Input data
/---

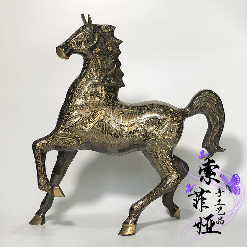 Pakistan Bronze Sculpture 20 Inch Seven Color Engraving Horse Animal Hand Carved Art Bronze Pendulum
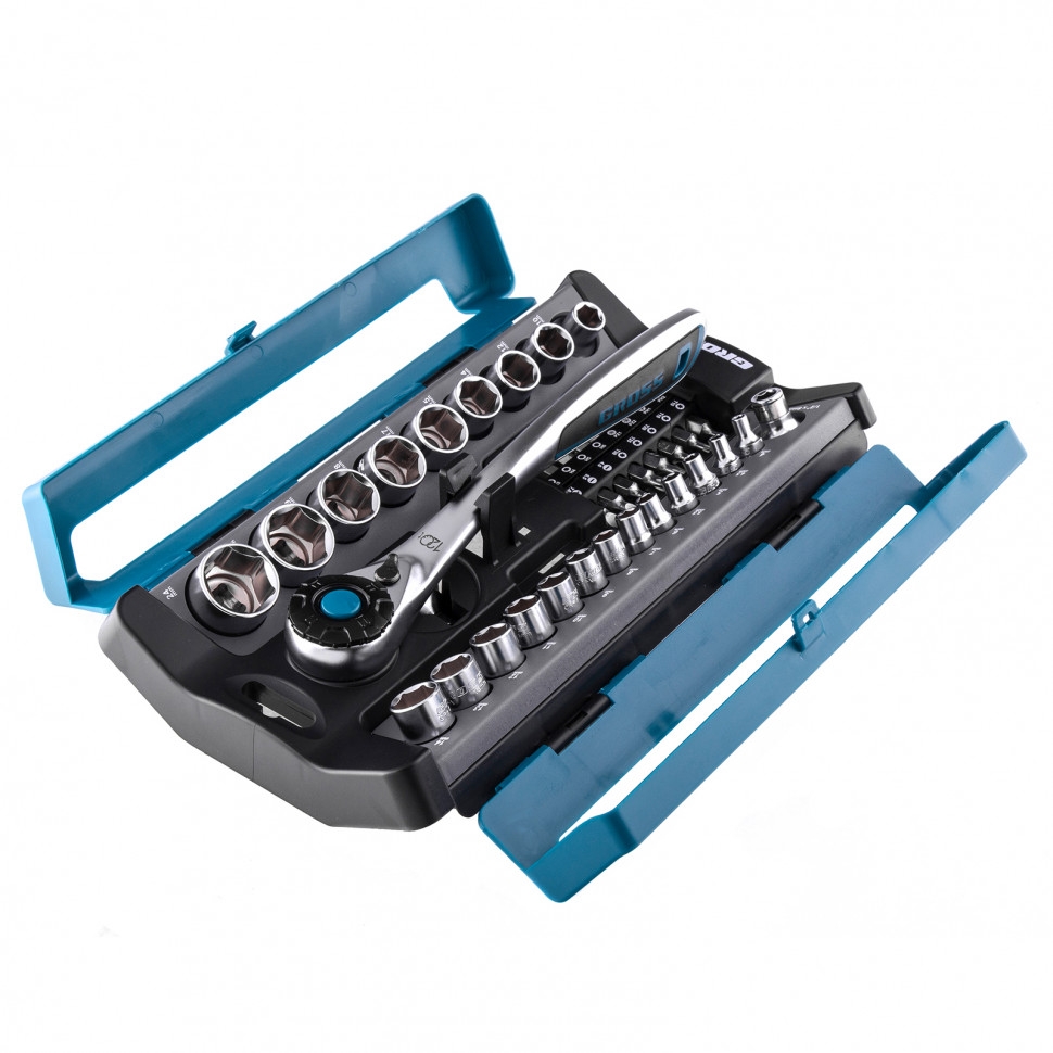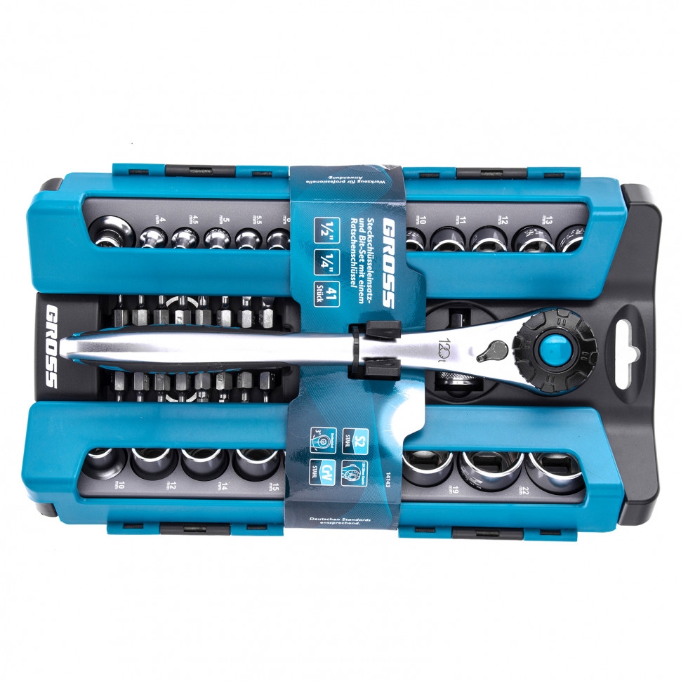 Набор Gross 14143 включает в себя 41 предмет из стали CrV-группы: ключ трещоточный 1/2 дюйма, переходник 1/2-1/4 дюйма, адаптер, 16 бит и 22 торцевые головки. Он применяется для монтажа и демонтажа резьбовых соединений при проведении технического обслуживания авто или для бытовых ремонтных работ. Набор подходит не только для самостоятельного использования в гараже и дома, но и для профессиональной эксплуатации на станциях техобслуживания.Преимущества Инструменты выполнены из качественной стали хромованадиевой группы, поэтому обладают высоким ресурсом, износостойкостью и антикоррозионными свойствами. Цельнокованная трещотка со 120 зубьями позволяет вращать крепеж максимально плавно и мягко, это делает удобной работу в труднодоступных и узких местах. Функция быстрого сброса на трещотке позволяет снять оснастку одним движением. С помощью реверса можно менять направление вращения трещотки для удобства работы. Комплект инструментов поставляется в пластиковом кейсе для удобства хранения и транспортировки.
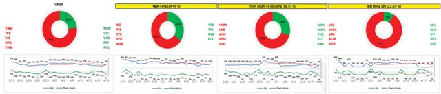 Nhìn chung, rất khó để đặt kỳ vọng vào một nhóm ngành cụ thể nào để tạo hiệu ứng dẫn dắt thị trường ở thời điểm hiện tại, bởi dòng tiền đều lan tỏa kém ở các nhóm ngành. Nhóm ngân hàng thì phân hóa mạnh, chưa tạo hiệu ứng lan tỏa tốt. Nhóm thực phẩm - đồ uống mặc dù nền giá ổn định, nhưng dòng tiền vào rất kém. Trong khi đó, nhóm bất động sản đều ghi nhận quán tính giá và sức hút dòng tiền cũng không tích cực. Kỳ vọng các cổ phiếu lớn sẽ duy trì được mặt bằng giá hiện tại và chỉ số VN30 không thủng các mức hỗ trợ cứng.
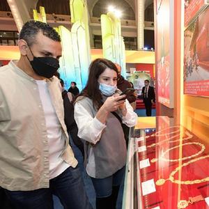 “天问一号”着陆器模型、“奋斗者”号全海深载人潜水器模型……室外展区,一件件展现新时代中国人上九天、下五洋壮志豪情的展品,吸引外宾们拍照留影。
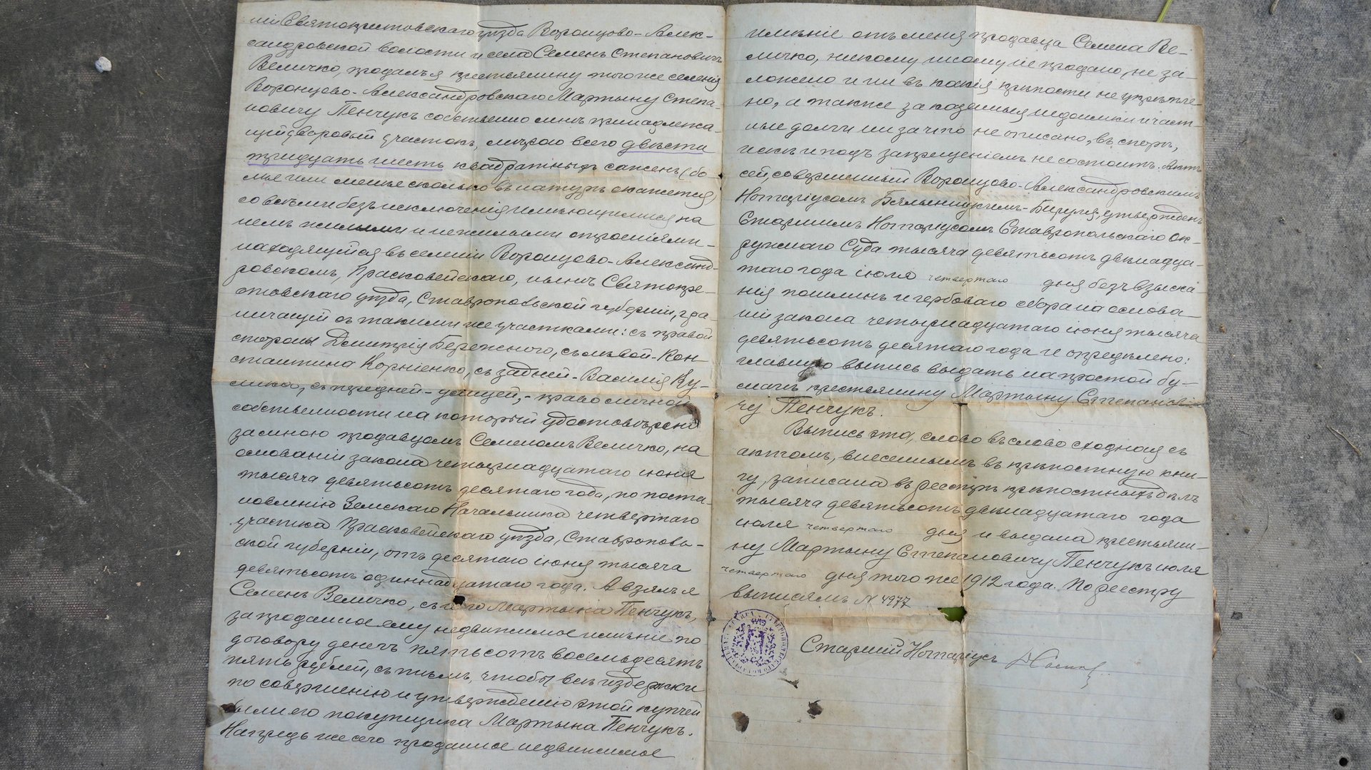 Зеленокумск история в одном документе. Купчая 1912 года Семён Величко и Мартын Пенчук

\---

Pictures in the entries are to be skipped, and everything else repeated word for word.

 Pakistan Bronze Sculpture 20 Inch Seven Color Engraving Horse Animal Hand Carved Art Bronze Pendulum
 Набор Gross 14143 включает в себя 41 предмет из стали CrV-группы: ключ трещоточный 1/2 дюйма, переходник 1/2-1/4 дюйма, адаптер, 16 бит и 22 торцевые головки. Он применяется для монтажа и демонтажа резьбовых соединений при проведении технического обслуживания авто или для бытовых ремонтных работ. Набор подходит не только для самостоятельного использования в гараже и дома, но и для профессиональной эксплуатации на станциях техобслуживания.Преимущества Инструменты выполнены из качественной стали хромованадиевой группы, поэтому обладают высоким ресурсом, износостойкостью и антикоррозионными свойствами. Цельнокованная трещотка со 120 зубьями позволяет вращать крепеж максимально плавно и мягко, это делает удобной работу в труднодоступных и узких местах. Функция быстрого сброса на трещотке позволяет снять оснастку одним движением. С помощью реверса можно менять направление вращения трещотки для удобства работы. Комплект инструментов поставляется в пластиковом кейсе для удобства хранения и транспортировки.
 Nhìn chung, rất khó để đặt kỳ vọng vào một nhóm ngành cụ thể nào để tạo hiệu ứng dẫn dắt thị trường ở thời điểm hiện tại, bởi dòng tiền đều lan tỏa kém ở các nhóm ngành. Nhóm ngân hàng thì phân hóa mạnh, chưa tạo hiệu ứng lan tỏa tốt. Nhóm thực phẩm - đồ uống mặc dù nền giá ổn định, nhưng dòng tiền vào rất kém. Trong khi đó, nhóm bất động sản đều ghi nhận quán tính giá và sức hút dòng tiền cũng không tích cực. Kỳ vọng các cổ phiếu lớn sẽ duy trì được mặt bằng giá hiện tại và chỉ số VN30 không thủng các mức hỗ trợ cứng.
 “天问一号”着陆器模型、“奋斗者”号全海深载人潜水器模型……室外展区,一件件展现新时代中国人上九天、下五洋壮志豪情的展品,吸引外宾们拍照留影。
 Зеленокумск история в одном документе. Купчая 1912 года Семён Величко и Мартын Пенчук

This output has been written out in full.